What needs to be done:
The answer is the line containing "Triumph Motorcycles. Classic" plus every line after it to the end of the material, retyped exactly and without the pictures.

Supplied information:

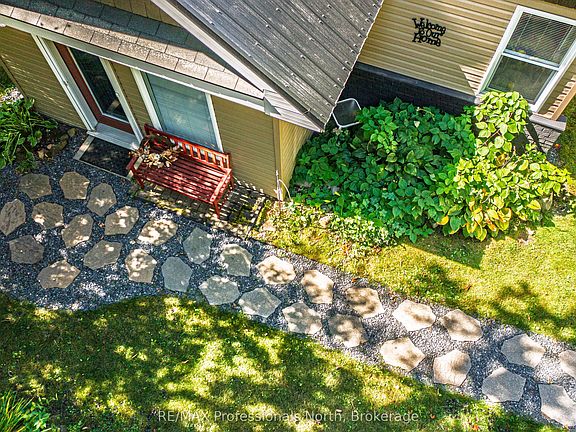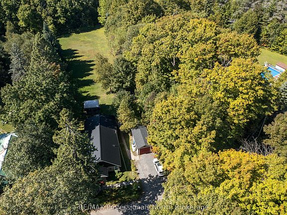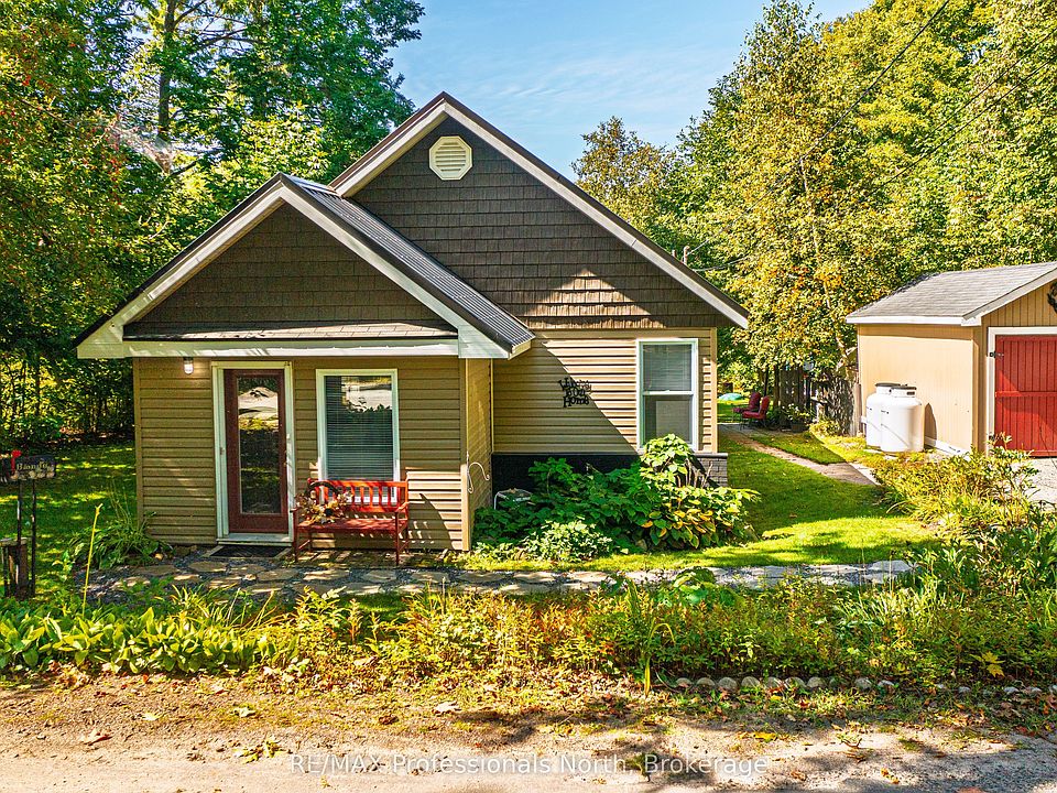 Welcome to this charming country home, set on a beautifully landscaped 1-acre lot framed by mature trees. Located in a quiet area just minutes from downtown Huntsville, you can enjoy the best of both worlds; peaceful living with the convenience of town nearby, plus access to Vernon Lake just down the road with boat launch. Inside, you'll find gleaming hardwood floors and an inviting eat-in kitchen complete with new cupboards and stainless steel appliances. The home offers 3 bedrooms, 1 full bath, and the convenience of main-floor laundry and living. The unfinished basement provides excellent storage or the opportunity to finish it for extra living space. This property has seen many updates including siding, windows, steel roof, heating and cooling systems, and a new back deck. Stay comfortable year-round with propane heat pump and a/c, and enjoy peace of mind with a Generac hook-up for generator. Outdoor living shines here with a spacious back deck, gazebo for entertaining, garage, and a shed/workshop with hydro .A well-maintained and immaculate home in a quiet country setting this close to Huntsville is a rare find. Don't miss it!
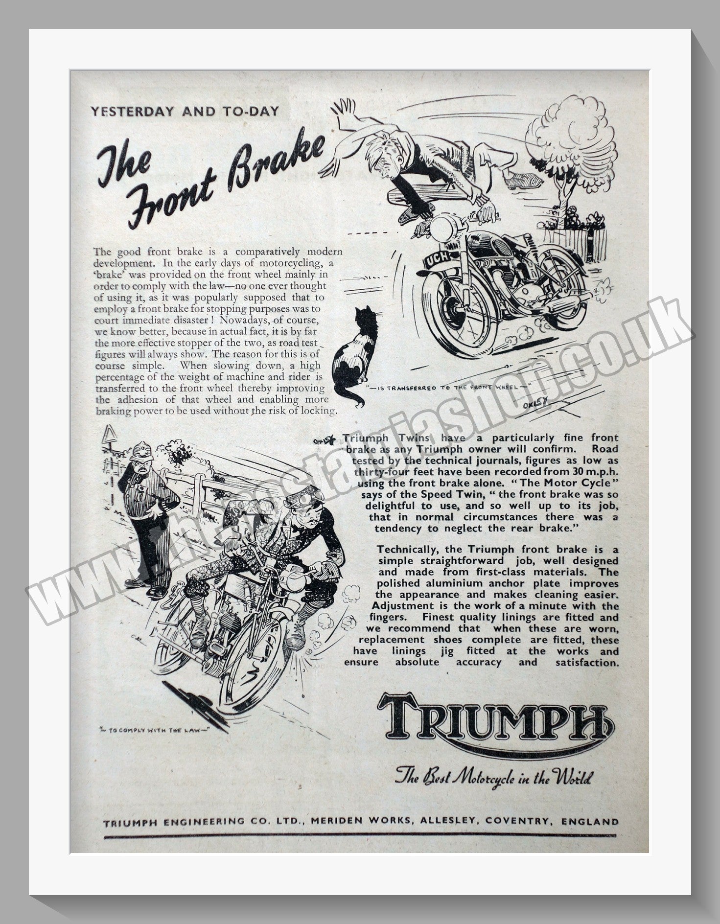 Triumph Motorcycles. Classic Original Advert 1949. Presented and Supplied in a 14 x 11 Inch, cream bevel cut mount with backing card and Clear Bag. Ready to frame. All our adverts, unless clearly stated are Originals from the date shown They make excellent pieces of wall art and stunning gifts. Many are rare and hard to find and once sold, may not be replaced. Remember you are buying a piece of history. Website watermark is not on original. Triumph Motorcycles, Vintage Triumph Motorbikes, Triumph Engineering Co.
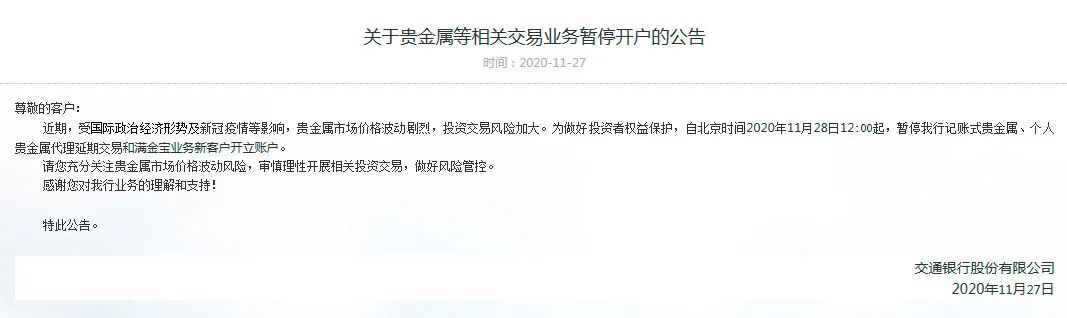 交通银行自11月28日12:00起,暂停记账式贵金属、个人贵金属代理延期交易和满金宝业务新客户开立账户。
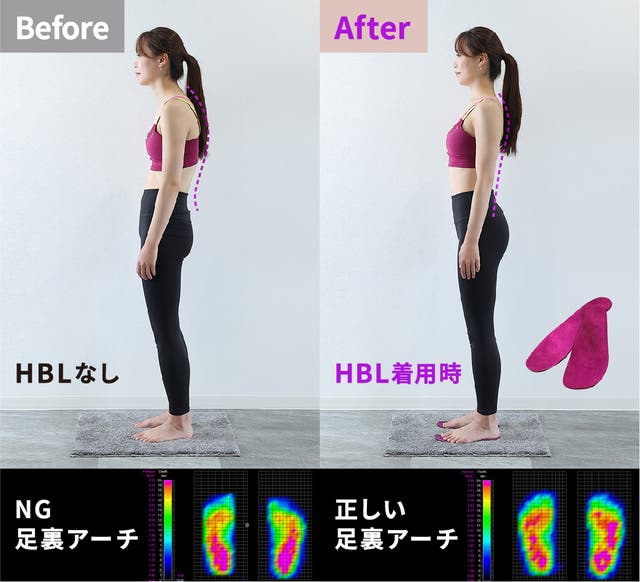 HBLは25万人以上の足型データを分析し、30代・40代・50代の日本人女性の最適なアーチ形状でデザインしました。足裏アーチを正しくサポートすることで体が安定し、正しい姿勢で立ちやすくなります。
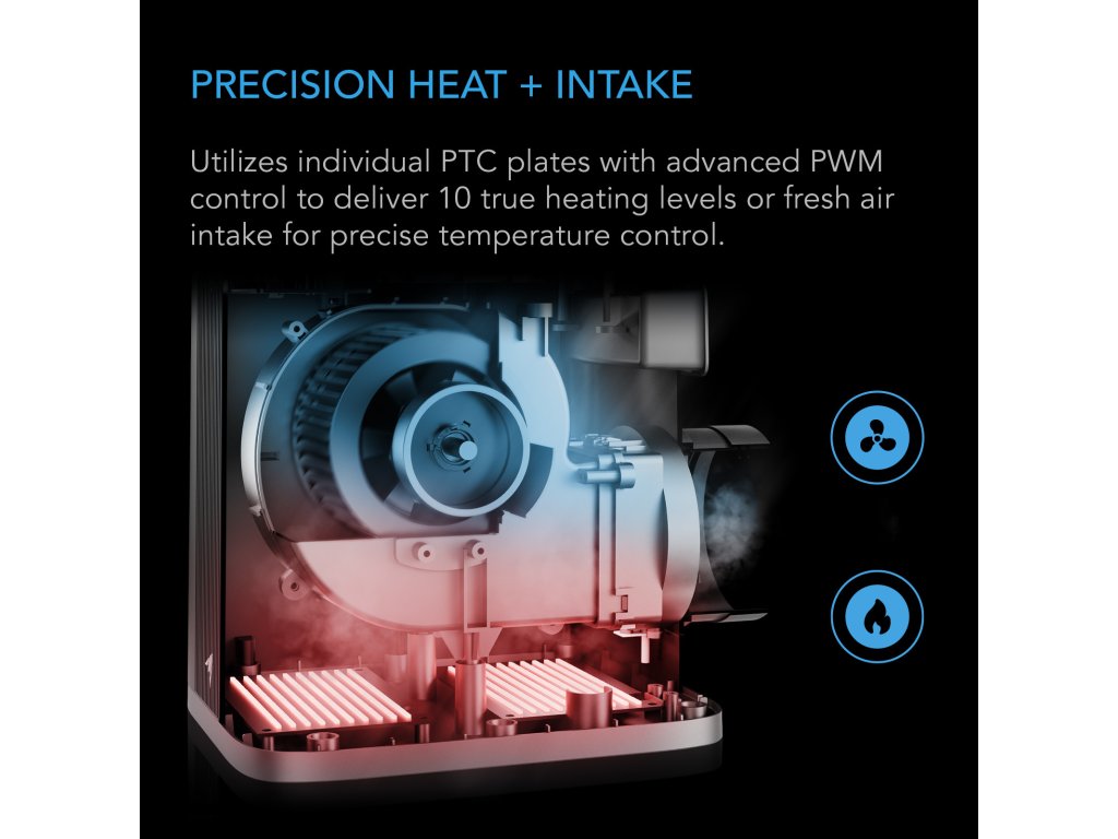 - Využívá individuální PTC desky s PWM ovládáním pro poskytnutí 10 skutečných úrovní tepla nebo přívodu čerstvého vzduchu pro vyváženou klimatickou kontrolu.

Answer section:
 Triumph Motorcycles. Classic Original Advert 1949. Presented and Supplied in a 14 x 11 Inch, cream bevel cut mount with backing card and Clear Bag. Ready to frame. All our adverts, unless clearly stated are Originals from the date shown They make excellent pieces of wall art and stunning gifts. Many are rare and hard to find and once sold, may not be replaced. Remember you are buying a piece of history. Website watermark is not on original. Triumph Motorcycles, Vintage Triumph Motorbikes, Triumph Engineering Co.
 交通银行自11月28日12:00起,暂停记账式贵金属、个人贵金属代理延期交易和满金宝业务新客户开立账户。
 HBLは25万人以上の足型データを分析し、30代・40代・50代の日本人女性の最適なアーチ形状でデザインしました。足裏アーチを正しくサポートすることで体が安定し、正しい姿勢で立ちやすくなります。
 - Využívá individuální PTC desky s PWM ovládáním pro poskytnutí 10 skutečných úrovní tepla nebo přívodu čerstvého vzduchu pro vyváženou klimatickou kontrolu.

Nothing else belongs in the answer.